In Toledo, even the mayor is a double-dipper.

Since starting his current term in January 2006, Toledo Mayor Carty Finkbeiner has drawn his annual salary of $136,000 in addition to a state pension for more than two decades in elected and unelected positions. He is leaving office on Monday.

And because he is already receiving a Public Employees Retirement System pension, Toledo taxpayers have paid $75,221 into an annuity as an additional retirement fund for Finkbeiner.

Congress and Obama Enticing States Further into Bankruptcy

I missed this in the original discussion of the stimulus.  I was one of the first to point out that most of the stimulus was earmarked for maintenance of state government budgets rather than the infrastructure projects people thought they were getting  (here and here).  But I missed this part of the law, which basically made acceptance of these funds a suicide pact for many states:

Worst of all, at the behest of the public employee unions, Congress imposed "maintenance of effort" spending requirements on states. These federal laws prohibit state legislatures from cutting spending on 15 programs, from road building to welfare, if the state took even a dollar of stimulus cash for these purposes.

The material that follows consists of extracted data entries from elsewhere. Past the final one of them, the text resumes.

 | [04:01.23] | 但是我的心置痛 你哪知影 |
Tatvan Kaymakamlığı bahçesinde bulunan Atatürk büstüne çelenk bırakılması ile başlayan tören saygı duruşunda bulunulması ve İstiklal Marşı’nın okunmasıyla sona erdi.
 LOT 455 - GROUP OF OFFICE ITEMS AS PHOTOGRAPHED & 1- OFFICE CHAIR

One provision prohibits states from cutting Medicaid benefits or eligibility below levels in effect on July 1, 2008. That date, not coincidentally, was the peak of the last economic cycle when states were awash in revenue. State spending soared at a nearly 8% annual rate from 2004-2008, far faster than inflation and population growth, and liberals want to keep funding at that level.

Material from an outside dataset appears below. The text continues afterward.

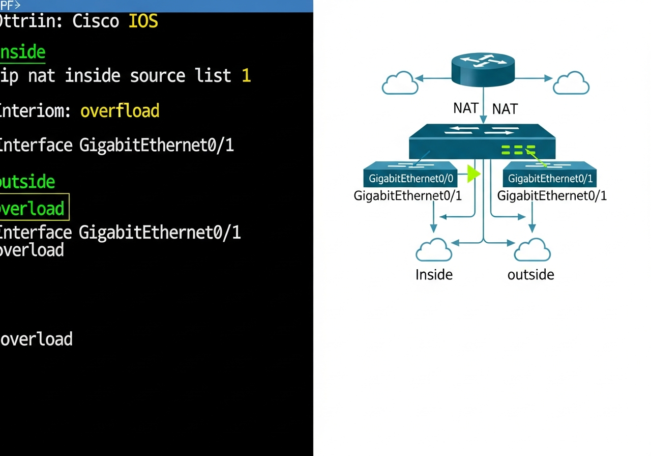 Router(config)# ip nat inside source list 1 interface Gi0/1 overload

A study by the Evergreen Freedom Foundation in Seattle found that "because Washington state lawmakers accepted $820 million in education stimulus dollars, only 9 percent of the state's $6.8 billion K-12 budget is eligible for reductions in fiscal year 2010 or 2011." More than 85% of Washington state's Medicaid budget is exempt from cuts and nearly 75% of college funding is off the table. It's bad enough that Congress can't balance its own budget, but now it is making it nearly impossible for states to balance theirs.

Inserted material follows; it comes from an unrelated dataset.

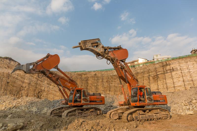 斗山500型鉤機和175型炮擊正在貴陽工地施工 ...

These spending requirements come when state revenues are on a downward spiral. State revenues declined by more than 10% in 2009, and tax collections are expected to be flat at best in 2010. In Indiana, nominal revenues in 2011 may be lower than in 2006. Arizona's revenues are expected to be lower this year than they were in 2004. Some states don't expect to regain their 2007 revenue peak until 2012.

So when states should be reducing outlays to match a new normal of lower revenue collections, federal stimulus rules mean many states will have little choice but to raise taxes to meet their constitutional balanced budget requirements. Thank you, Nancy Pelosi.

Apparently a couple of states (no surprise, Texas is among them) were smart enough to turn down some of the money.